Embedded Software Engineer
Since September 2019
After my internship and the completion of my studies, I joined ABB medium voltage drives permanently as an embedded software engineer on the ACS6080 software team.
On a normal day I design, implement and test features on the control platform, spanning both the software (C++) and hardware (VHDL). I usually also spend some time reviewing pull requests from other team members and maintaining the continuous integration infrastructure. Although the team is spread over multiple locations, we collaborate quite closely on a daily basis through conference calls and chats.
As of January 2020, I am also the cybersecurity contact person for medium voltage drives in Turgi. My role is to provide information and support to the software teams and ensure that our product software is up-to-date with the internal cybersecurity guidelines.
March 2018 to August 2018
As an R&D intern at ABB medium voltage drives, I joined the software team working on the subsea drive project. I worked on the C++ product software codebase, which consists of a real time kernel, device drivers, communication protocols and control software.
My primary task was to port an existing real time simulation framework, which enables the product code to be executed directly on PC. I complemented this framework with physical models of the converter and asynchronous motor in order to simulate the control software behaviour. Using this system, I added support for integration tests that can be executed on the PC as well as on the continuous integration servers. I also extended the framework with an interactive GUI that plots internal signals with full resolution in real time, to aid in the development of control features.
At the end of the internship, I continued working part-time alongside my studies to further develop the simulation framework, as well as merge my work into the common platform codebase.

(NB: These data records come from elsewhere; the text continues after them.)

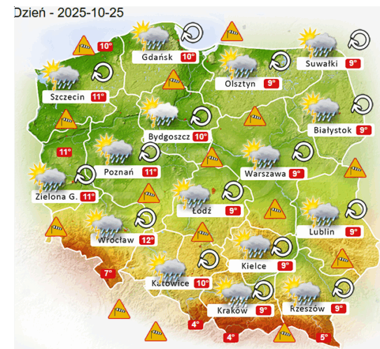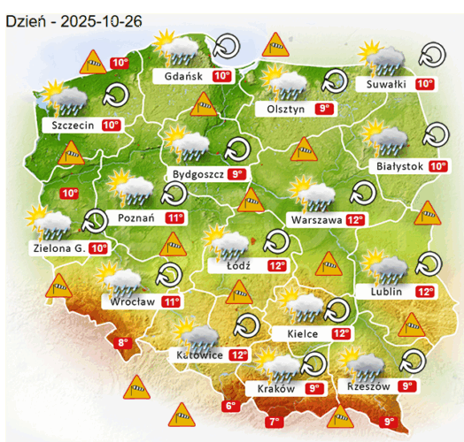 Z kolei w ostatni dzień weekendu przed południem oraz w ciągu dnia i wieczorem w całym naszym kraju oraz nad morzem i w górach ponownie możliwe są silne mgły i zamglenia. Poza tym utrzyma się z nami umiarkowane i duże zachmurzenie z przejaśnieniami, które przyniesie ze sobą kolejne przelotne oraz ciągłe opady deszczu o zmiennym i silnym natężeniu. Dodatkowo niewykluczone są też lokalne burze z gradem lub krupą śnieżną. Temperatura powietrza wyniesie od +6°C do +12°C. Wiatr nadal będzie będzie umiarkowany oraz bardzo silny i porywisty ze zmiennych kierunków z przewagą wiejący od południowego – zachodu oraz z południa i północnego – zachodu. W zamian tego w porywach będzie on dochodzić do 80-117 km/h. Ciśnienie atmosferyczne w kolejnych godzinach nadal będzie spadać i się wahać oraz w południe w Warszawie nad poziomem morza wskaże 1000 hPa.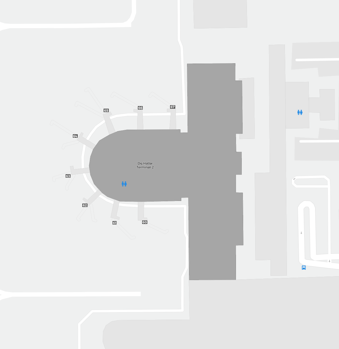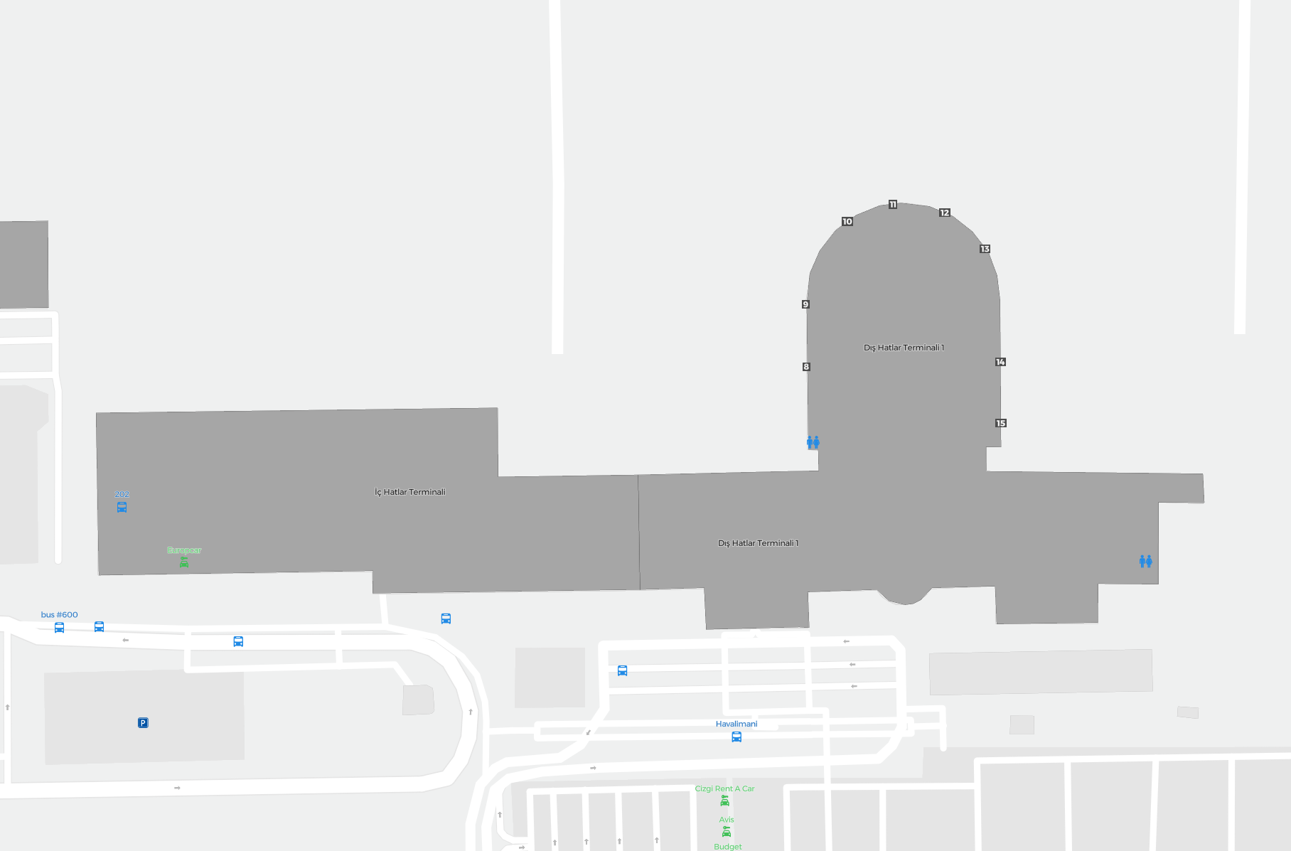 Detta är en zoombar karta över Antalya (AYT). Kartan visar utomhusområden med terminaler och parkeringar och – på vissa flygplatser – även detaljer om gate-områden, hyrbilsanläggningar och andra faciliteter när du zoomar in.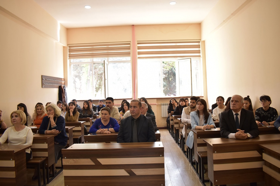 Ustad dərsinin sonunda professor Bəhram Əliyevin həmmüəllifi olduğu “Azərbaycanda əsas ekoloji problemlər və onun həlli yolları” adlı dərs vəsaitinin təqdimatı olub.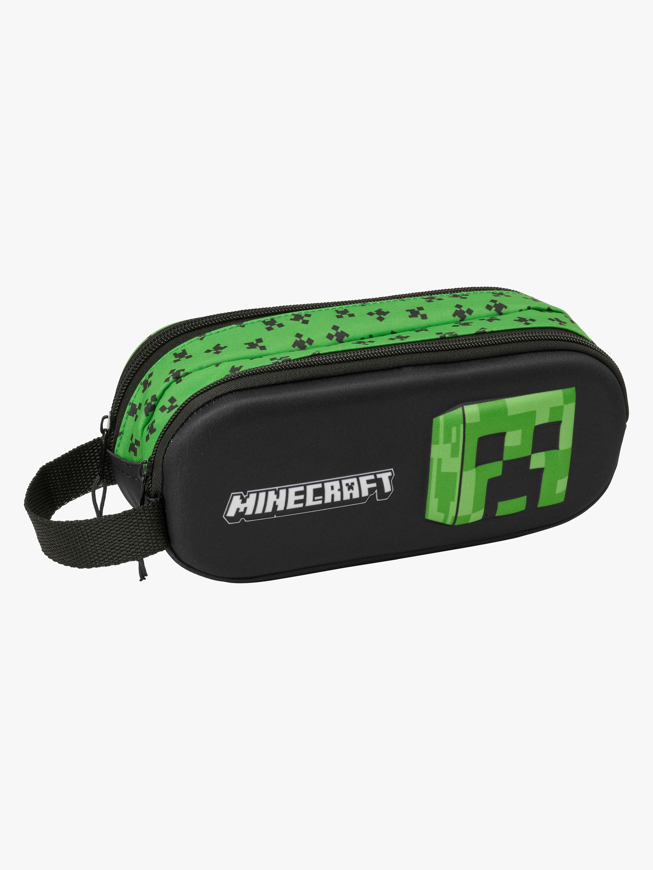 Dobbelt penalhus fra Minecraft med et praktisk design. Det har to rummelige rum til at holde styr på alt fra blyanter til viskelædere. Perfekt til skolen eller de kreative stunder. - To rum. - Rummeligt. - Lynlås. - Praktisk håndtag. - Fungerer lige så godt hjemme som til skolen! - 300D polyester.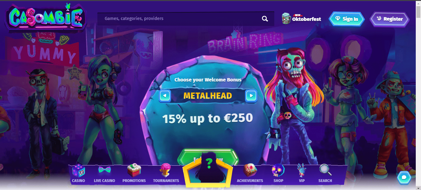Das Casombie bietet über 2000 verschiedene Casinospiele wie Slots, Live-Spiele, Poker, Roulette und Blackjack. In einer so umfangreichen Spielebibliothek werden Sie mit Sicherheit Ihr Lieblingsspiel finden.
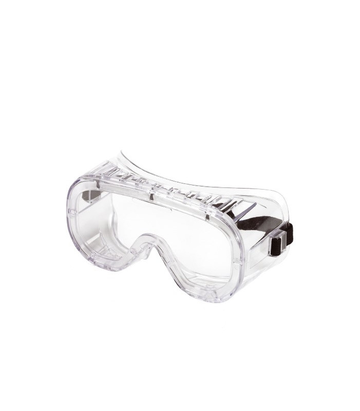 Montatura in pvc trasparente, fascia elastica regolabile in tessuto, lente incolore in policarbonato antiappannante, sistema di ventilazione indiretta, sovrapponibile agli occhiali correttivi, peso 73 grammi, classe ottica 1, impatto b

August 2015 to August 2016
As a trainee in Syngenta's Project, Program and Portfolio Management Excellence team, I worked primarily on administrating and further developing the team's SharePoint communication sites and teamspaces. I also provided support in meetings and assisted with data input tasks.
My secondary role was to observe the processes and practices followed by the other team members and use my IT and engineering knowledge to optimise them where possible. With that in mind I developed several Microsoft Excel macros for automating routine data manipulation tasks and made suggestions for tool improvements, such as using APIs to automate parts of the workflow. I also took the initiative to document the details and results of my work in detail so that it can be easily resumed in the future.

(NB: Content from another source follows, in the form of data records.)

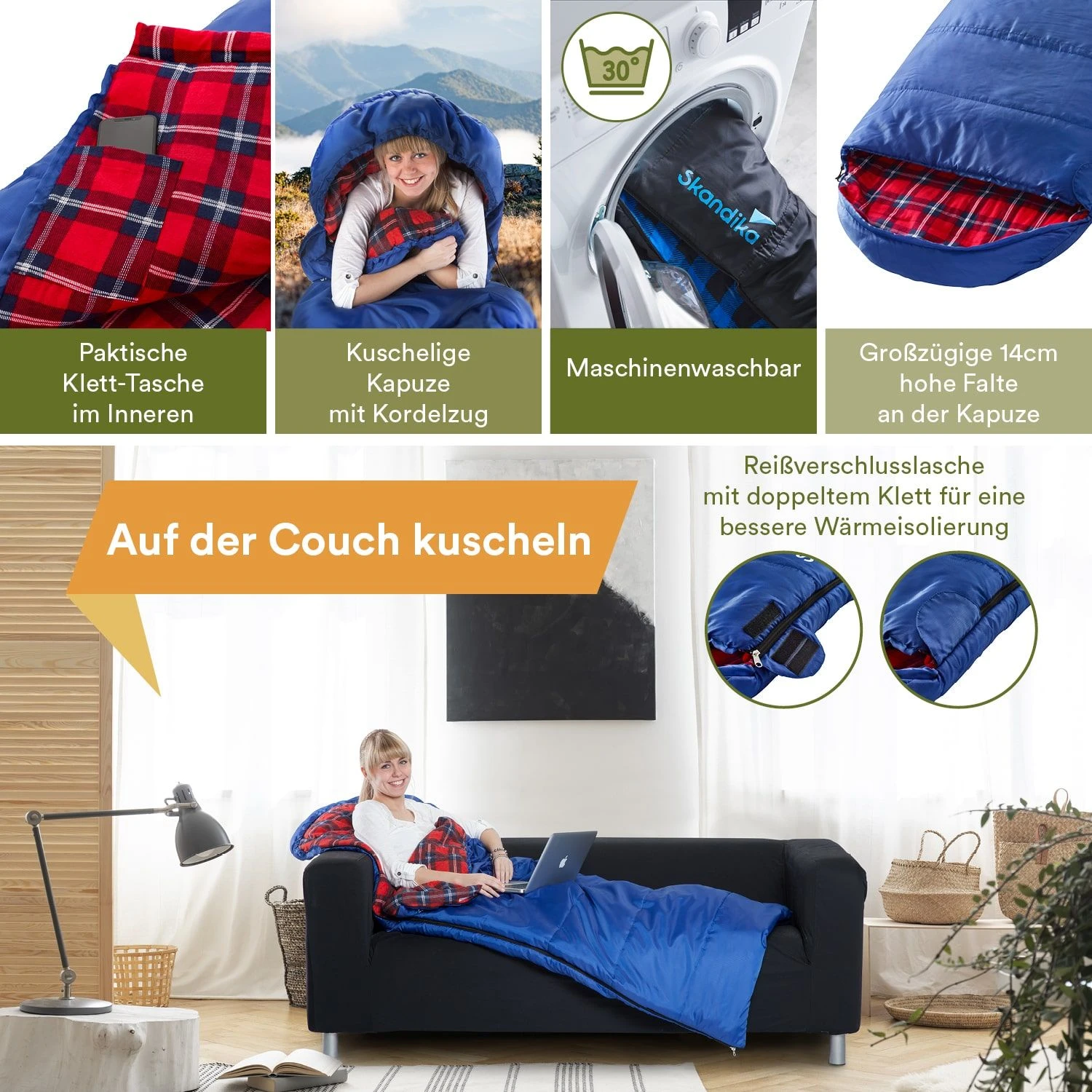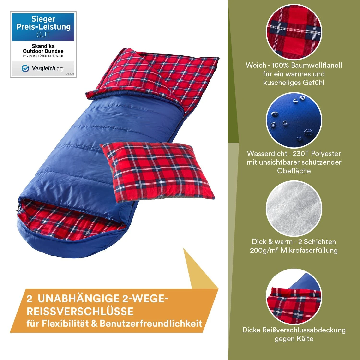 De DUNDEE is onze topkwaliteit slaapzak in de vorm van een deken: de perfecte slaapzak als je waarde hecht aan je bewegingsvrijheid ’s nachts en houdt van het comfort van een zachte katoenen molton. De rechte, rechthoekige vorm biedt veel ruimte in het bovenste deel van de schouders en aan het voeteneind, en toch heeft de DUNDEE niet ingeboet aan de voordelen van een knus hoofdgedeelte – zoals bij een mummieslaapzak. Dankzij het hoogwaardige buiten- en vulmateriaal houdt deze slaapzak je lekker warm – ook bij iets lagere temperaturen. Met zijn behaaglijk zachte 100% katoenen flanellen voering en vriendelijke design zal de DUNDEE het allround aantrekkelijke accessoire in je kampeeruitrusting zijn. Hij is verkrijgbaar met de ritssluiting links of rechts. Dit betekent dat 2 slaapzakken aan elkaar gekoppeld kunnen worden.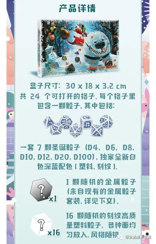 作为一款节日限定产品。它不仅是购买一套用来跑团或游玩的骰子而已,还融合了经典的“圣诞日历”玩法,为圣诞节倒计时增加了另一种乐趣和体验。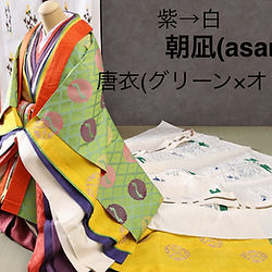 種類:十二単 色味:朝凪 着付け所要時間:約60分 憧れの十二単が体験できるプランです。 衣裳も大変貴重なものであり、着付けも専門の技術、資格を持った着付け師だけができる特別なプランです。 体験プランではかつらを「ロングウィッグ」と「大垂髪」の2種類からお選びいただけます。 【十二単とは】 奈良時代の後期に着物の原型が生まれたと言われ、平安時代により現代に近い着物が生まれました。 十二単は平安時代の中期に完成した女房装束の儀服です。 女房装束の代表格・十二単は、成人女性の正装です。 宮中などの公の場所で晴れの装いとして着用されました。 着用するときも限られていて、宮中の儀式など、公家女房の晴れの装いとして用いられました。 現在では御即位の大礼の儀、皇族妃の御成婚の儀に用いられます。 全体の構成は、「唐衣(からぎぬ)・表着(うはぎ) ・打衣(うちぎぬ)・五衣(いつつぎぬ)・単衣(ひとえ)・長袴(ながばかま)・裳(も)からなり、髪型は大垂髪(おすべらかし)が基本です。 申し込み方法: ①お好きな着物・予約日時・場所を選びます ②その他入力項目を記入し、申し込み完了メールが届けばOK ③当日 予約時間の10分前にお越しください。 【セット内容】十二単 お道具一式・着付け・ヘアセット・メイク 【備考】・専用スタジオ(京都二条)でのお着付となります。 ・移動はお客様ご自身でお願いいたします。 ・十二単での外出は不可。 ・サロン内でご自身での撮影可。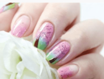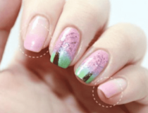 然后又用到小海绵,将粉红色的指甲油涂在小海绵上,再印在指甲的后半段,将其作为印花,三种颜色横向晕染,让浪漫樱花的氛围被烘托出来了。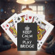 Funny Keep calm and play bridge playing cards. Make your own funny keep calm and carry on parody design. Vintage keepcalmandcarryon typography template with crown. Cute keepcalm card game examples: Keep calm and party on. Keep calm and play poker. Keep calm and play bridge. Create your own spoof with this famous slogan. Customisable background colour. Cute gift idea for men women and kids.

After the end of my 1-year traineeship I was contracted part-time to provide sporadic technical support to the team on a need-basis, which I did until August 2019.
Freiburg im Breisgau, Germany
July to September 2010
During this summer internship I produced a literature survey of solar cell imaging methods, and then performed photoluminescence imaging and resistivity measurements in order to determine the characteristics of various experimental types of photovoltaic solar cells. As a scientific research institution, the ISE was a rather different environment than the one I was used to (school) and that gave me good insight into how research is done in the real world.

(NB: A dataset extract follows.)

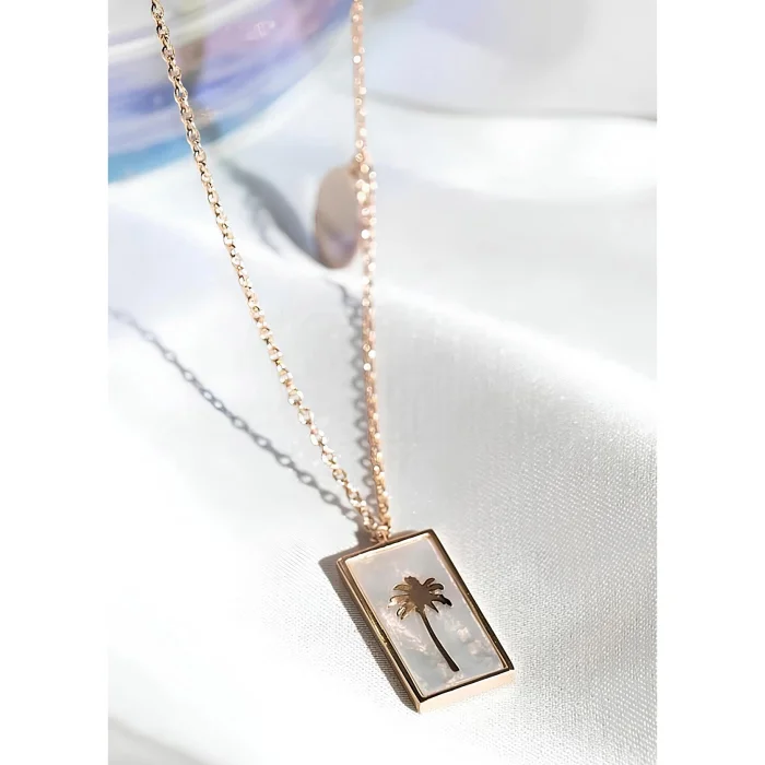 Product: Silver Necklace With Mother-of-pearl Stone And Palm Tree Corner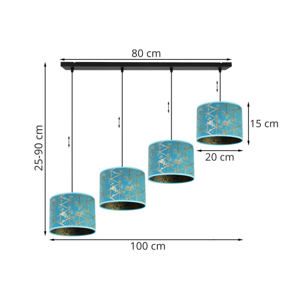 Závěsné svítidlo Werona 4, 4x modré textilní stínítko se vzorem, g

Master of Science in Computer Science, Distributed Systems Track
September 2016 to September 2019
York, United Kingdom
Master of Engineering (Hons) in Electronic Engineering, 1st class
October 2010 to June 2014
International Baccalaureate Diploma, score: 34
September 2005 to May 2010
Since April 2017
During university I got tired of synchronising all my data between my desktop and laptop, so I built a server at home to centralise the data storage. The original proof-of-concept was a Raspberry Pi with a 4TB USB drive. It worked surprisingly well, but the ethernet and USB interfaces were a significant bottleneck for large flows. Currently it consists of a mini-ITX PC with 2 4TB SATA3 drives in a mirrored ZFS configuration and 2 gigabit ethernet ports.
I use NFS to access the data when connected to the home network and SSHFS for accessing it from outside. In addition to the NAS functionality, I also run a name server, internal DNS resolver, web server, CalDAV, VPN exit node, git server and the occasional game server. I experimented with email but ultimately opted for a more reliable commercial solution instead. Currently I am moving the configuration to Ansible and investigating possibilities for encrypted remote backup.
Since November 2020
I've accumulated a number of guitar pedals over the years, so in December 2019 I finally built a pedalboard to accomodate them. However I noticed some tonal degradation when running the guitar through the pedals as opposed to straight into the amplifier. It's hard to tell if this is a real effect or placebo, so I decided to get a bypasser pedal to perform A/B blind tests in which I bypass the entire pedalboard. As it turns out, bypasser-type pedals are very expensive considering what they do, so I decided to build one instead.
In the process of designing the bypasser I became quite interested in finishing techniques for the aluminium pedal case, such as etching and painting. I fell down the DIY guitar pedal rabbit hole and now I have a 2-loop switcher in addition to the original bypasser, and I'm working on a treble booster pedal next.